Required work
Reproduce exactly, and only, the lines of the material below running from the line bearing "ein goldenes Glitzerherz" through the line bearing "Các cầu thủ Văn". Leave any pictures out.

Extracted information
○ ○ ○ ○ ○ ○ ○

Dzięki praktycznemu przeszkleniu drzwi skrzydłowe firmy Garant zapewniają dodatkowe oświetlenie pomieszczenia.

○ ○ ○ ○ ○ ○ ○

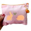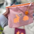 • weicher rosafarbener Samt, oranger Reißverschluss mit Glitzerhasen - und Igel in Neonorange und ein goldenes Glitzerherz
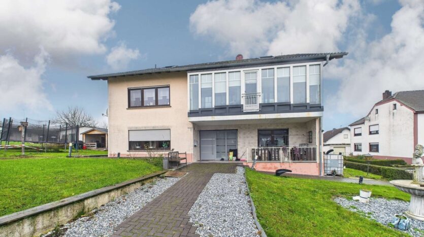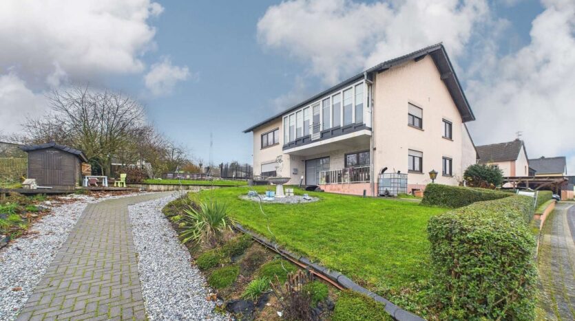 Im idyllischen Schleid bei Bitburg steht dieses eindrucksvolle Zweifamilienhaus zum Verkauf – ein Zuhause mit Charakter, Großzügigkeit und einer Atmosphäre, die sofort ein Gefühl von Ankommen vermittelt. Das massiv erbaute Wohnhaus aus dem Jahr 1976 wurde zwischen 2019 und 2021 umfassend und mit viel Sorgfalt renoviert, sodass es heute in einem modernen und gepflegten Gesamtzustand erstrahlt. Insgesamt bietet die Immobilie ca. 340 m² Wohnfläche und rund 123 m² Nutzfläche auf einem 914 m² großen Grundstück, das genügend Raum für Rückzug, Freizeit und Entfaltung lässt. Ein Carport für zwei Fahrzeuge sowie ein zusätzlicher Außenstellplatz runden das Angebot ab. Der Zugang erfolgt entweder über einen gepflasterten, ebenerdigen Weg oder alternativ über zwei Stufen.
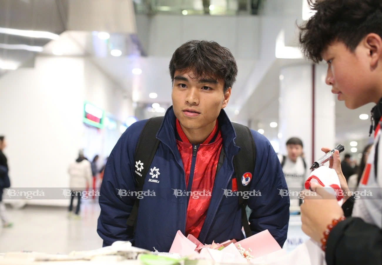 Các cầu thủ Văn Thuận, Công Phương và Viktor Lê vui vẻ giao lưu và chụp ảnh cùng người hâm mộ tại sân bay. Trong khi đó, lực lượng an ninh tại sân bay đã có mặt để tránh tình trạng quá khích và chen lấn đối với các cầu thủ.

○ ○ ○ ○ ○ ○ ○

Exercise answer
 • weicher rosafarbener Samt, oranger Reißverschluss mit Glitzerhasen - und Igel in Neonorange und ein goldenes Glitzerherz
 Im idyllischen Schleid bei Bitburg steht dieses eindrucksvolle Zweifamilienhaus zum Verkauf – ein Zuhause mit Charakter, Großzügigkeit und einer Atmosphäre, die sofort ein Gefühl von Ankommen vermittelt. Das massiv erbaute Wohnhaus aus dem Jahr 1976 wurde zwischen 2019 und 2021 umfassend und mit viel Sorgfalt renoviert, sodass es heute in einem modernen und gepflegten Gesamtzustand erstrahlt. Insgesamt bietet die Immobilie ca. 340 m² Wohnfläche und rund 123 m² Nutzfläche auf einem 914 m² großen Grundstück, das genügend Raum für Rückzug, Freizeit und Entfaltung lässt. Ein Carport für zwei Fahrzeuge sowie ein zusätzlicher Außenstellplatz runden das Angebot ab. Der Zugang erfolgt entweder über einen gepflasterten, ebenerdigen Weg oder alternativ über zwei Stufen.
 Các cầu thủ Văn Thuận, Công Phương và Viktor Lê vui vẻ giao lưu và chụp ảnh cùng người hâm mộ tại sân bay. Trong khi đó, lực lượng an ninh tại sân bay đã có mặt để tránh tình trạng quá khích và chen lấn đối với các cầu thủ.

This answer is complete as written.